How do you go about doing that?
"You read a lot and you talk to a lot of people", says Tom.
"We called it Expedition Silicon Valley. We saw how the world was changing. First, we have the internet. All the old patents are there, all the old studies of rocket engines, everything. It would take us years to acquire that knowledge in the past. There are lots of courses at Stanford, MIT and lots of other places, for free", Tina adds.
When I met Tina and Tom for the first time, at a space debate arranged by Christer Fuglesang at the KTH Royal Institute of Technology in Stockholm, Tom told me something that really stood out.
You said rocket science isn't rocket science anymore? What did you mean by that?
"That it's not actually that difficult. It is complex, requires a lot of work to understand and learn, but you don't have to have to create particularly many novelites. We have been building this type of rocket for decades."
"This is a message I want to send, especially to young people. Do not listen to what they say at NASA. They emphasize how difficult it is because it is an argument for them to continue to receive money", says Tom.
"You have to work hard, but you do not have to be very smart", says Tina.
"Programming is the key to all space projects. If you start with programming, you can take shortcuts to learn the necessary physics and chemistry. You then find out exactly what you need to know from, for example, physics and include it in your code. Instead of spending years just learning physics, or chemistry", Tom says.
"This is a completely new approach that makes it possible for new players to enter the space industry. This is more important than anything else when we see new players compete with Boeing and the other big players."
The US military comes knocking…
DARPA is the name of a US research and development agency linked to the Department of Defense. Perhaps best known to the public because its predecessor, ARPA, created the first version of the internet, ARPANET.
One method DARPA uses to push development forward is prize competitions. Among other things, they have arranged one about self-driving vehicles, which Warp News wrote about earlier.
DARPA Launch Challenge
Now DARPA wanted to develop rockets whose innovation process they described as "tedious" with the aim of reducing risk instead of delivering progress.
DARPA reached out to Tina and Tom and asked if they wanted to participate in the competition. No, they did not have time for that, was the answer. But DARPA did not give up. They booked a meeting with Pythom Space and convinced them of the benefits of participating.
A total of 55 teams participated at the beginning of the competition. Ten went on to the finals, of which Pythom Space was one.
However, no team managed to achieve DARPA's requirements to win, so the competition was closed at the beginning of 2020.
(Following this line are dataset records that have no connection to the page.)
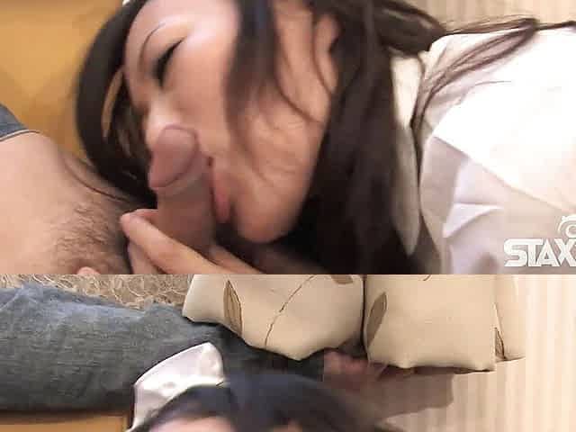 Nasty Japanese waitress gets her pussy and face filled with cum in hot gangbang
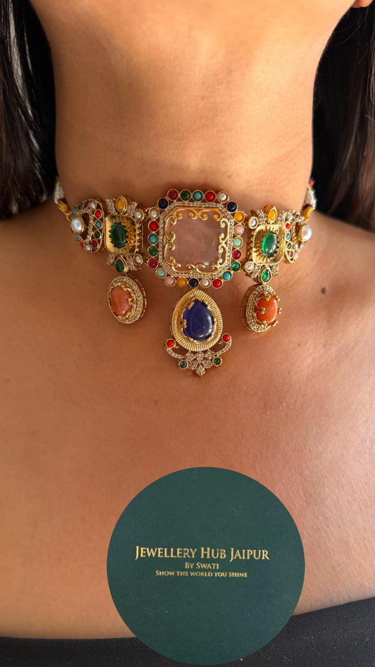 Sabyasachi inspired vintage navratna necklace
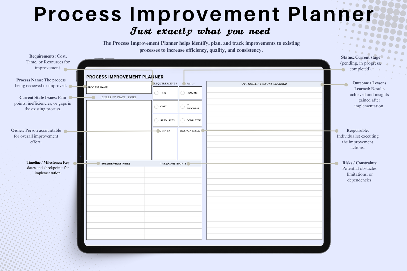 A structured page for identifying inefficiencies and planning targeted improvements
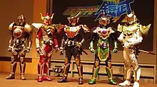 - Team Gaim (チーム鎧武, Chīmu Gaimu): Kota Kazuraba, Mitsuzane Kureshima, and Mai Takatsukasa's Beat Rider group clad in modern Happi-themed outfits.
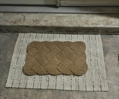 Refresh your space with modern, functional elegance with this Woven Striped Flatweave Rug from Threshold™. Featuring a timeless pattern of black stripes accented with tufted dots on a cream background, the rectangular handmade rug blends seamlessly with just about any existing décor. The woven material provides soft comfort underfoot while adding warmth to hard flooring like tile. This accent rug is perfectly sized for placing in front of your kitchen sink, in your laundry room or by the entrance.
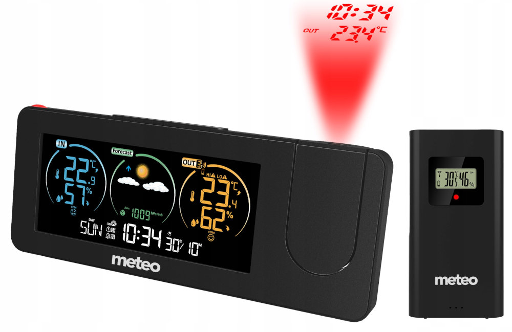 METEO SP102 - to stacja pogodowa z projektorem, który rzutuje czas i temperaturę na ścianę lub sufit. Ma kolorowy wyświetlacz, prognozę pogody, pomiar temperatury i wilgotności (wewnętrznej i zewnętrznej) oraz ciśnienie powietrza. Jest także możliwość zdefiniowania alertów (high/low) dla temperatury i wilgotności zewnętrznej. Czas i data są automatycznie ustawiane za pomocą sygnału DCF. Na SP102 trzeba wydać około 120-130 zł.
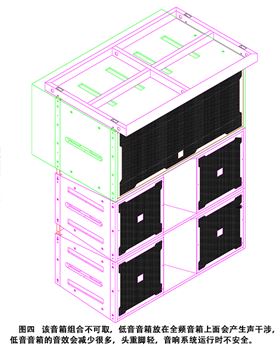 图四,该音箱组合不可取,低音音箱放在全频音箱上面会产生声干涉,低音音箱的音效会减少很多,头重脚轻,音响系统运行时不安全。
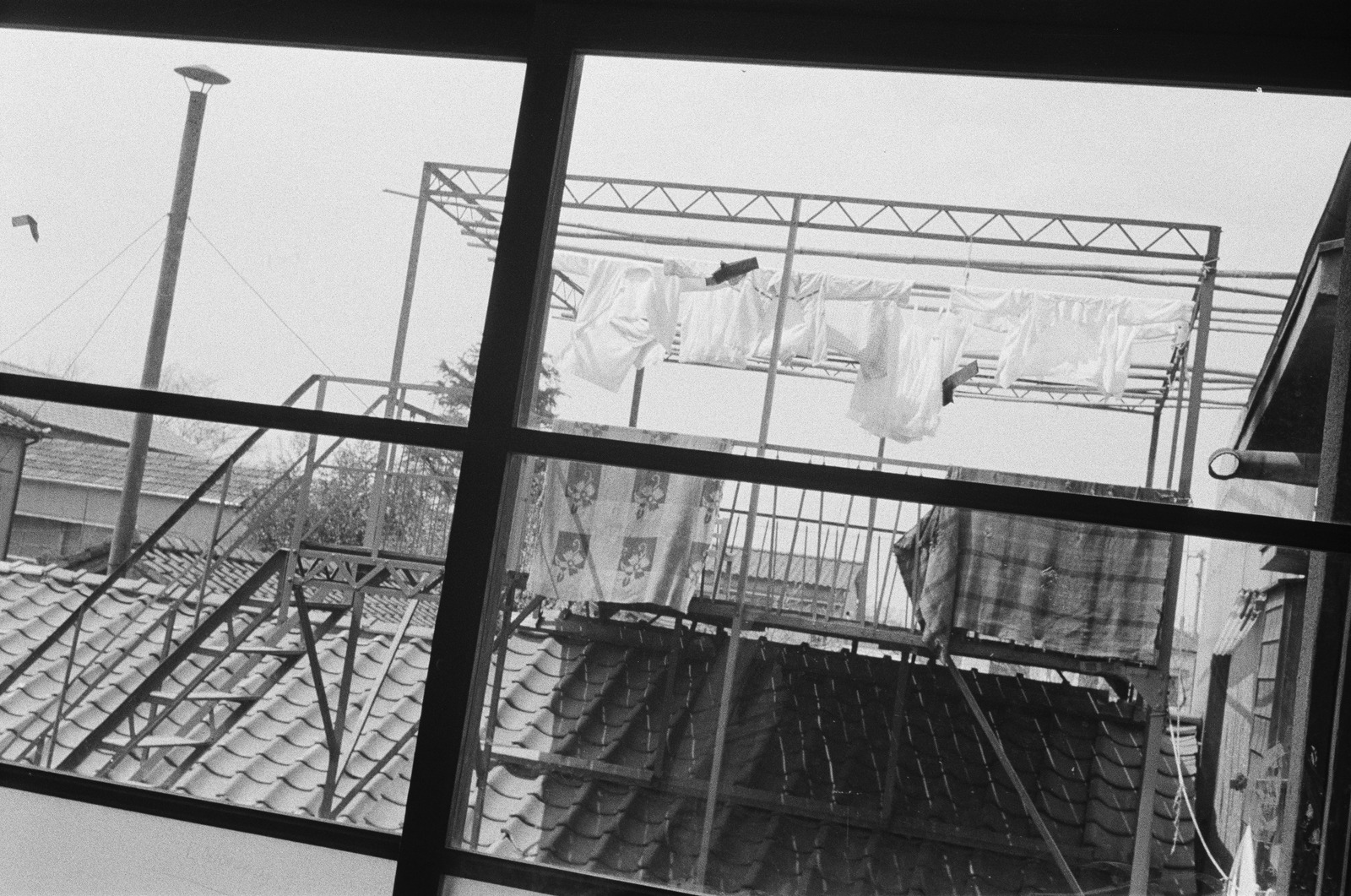 愛児の家の屋根の上は洗濯物を干す場所となっている。

Will Tina and Tom be the first humans on Mars?
Their planned departure is 2024. Should they miss it, they will have to wait for two years until 2026, when Earth and Mars are at their closest.
If they make it in 2024, they will most likely be first. If it's 2026, they may get competition from some astronauts from SpaceX. But being first isn't their goal.
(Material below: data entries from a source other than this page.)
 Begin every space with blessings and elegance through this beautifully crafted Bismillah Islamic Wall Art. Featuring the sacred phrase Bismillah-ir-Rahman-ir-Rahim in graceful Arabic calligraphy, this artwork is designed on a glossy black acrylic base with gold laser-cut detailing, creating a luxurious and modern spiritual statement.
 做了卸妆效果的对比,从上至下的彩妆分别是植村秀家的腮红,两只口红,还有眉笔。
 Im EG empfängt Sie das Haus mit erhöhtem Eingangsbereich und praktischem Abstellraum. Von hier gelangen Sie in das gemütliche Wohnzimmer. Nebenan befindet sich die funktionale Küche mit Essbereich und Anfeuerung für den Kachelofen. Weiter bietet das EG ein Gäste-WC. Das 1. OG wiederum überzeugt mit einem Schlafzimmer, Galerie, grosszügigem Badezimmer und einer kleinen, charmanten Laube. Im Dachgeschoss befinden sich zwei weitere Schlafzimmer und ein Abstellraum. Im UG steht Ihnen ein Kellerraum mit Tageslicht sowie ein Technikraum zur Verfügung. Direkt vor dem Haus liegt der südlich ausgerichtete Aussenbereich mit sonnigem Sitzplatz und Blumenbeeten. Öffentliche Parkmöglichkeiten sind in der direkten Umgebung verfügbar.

"This is much bigger than being first. This is our second major migration. The first was out of Africa. This is about changing humanity. A whole new world of possibilities", says Tina.
"We see this as a new world. When Columbus sailed to America, there were both better boats and sailors. But no one else did it. He did. All it took was a three weeks. It was not difficult, it was fear that held everyone back. It was believed that one would fall over the edge of the earth. Or eaten by sea monsters. He showed that all that was wrong", Tina continues and Tom nods again.
That's the explorer's purpose.
To go before everyone else and show that what was thought impossible was possible – so that others can follow.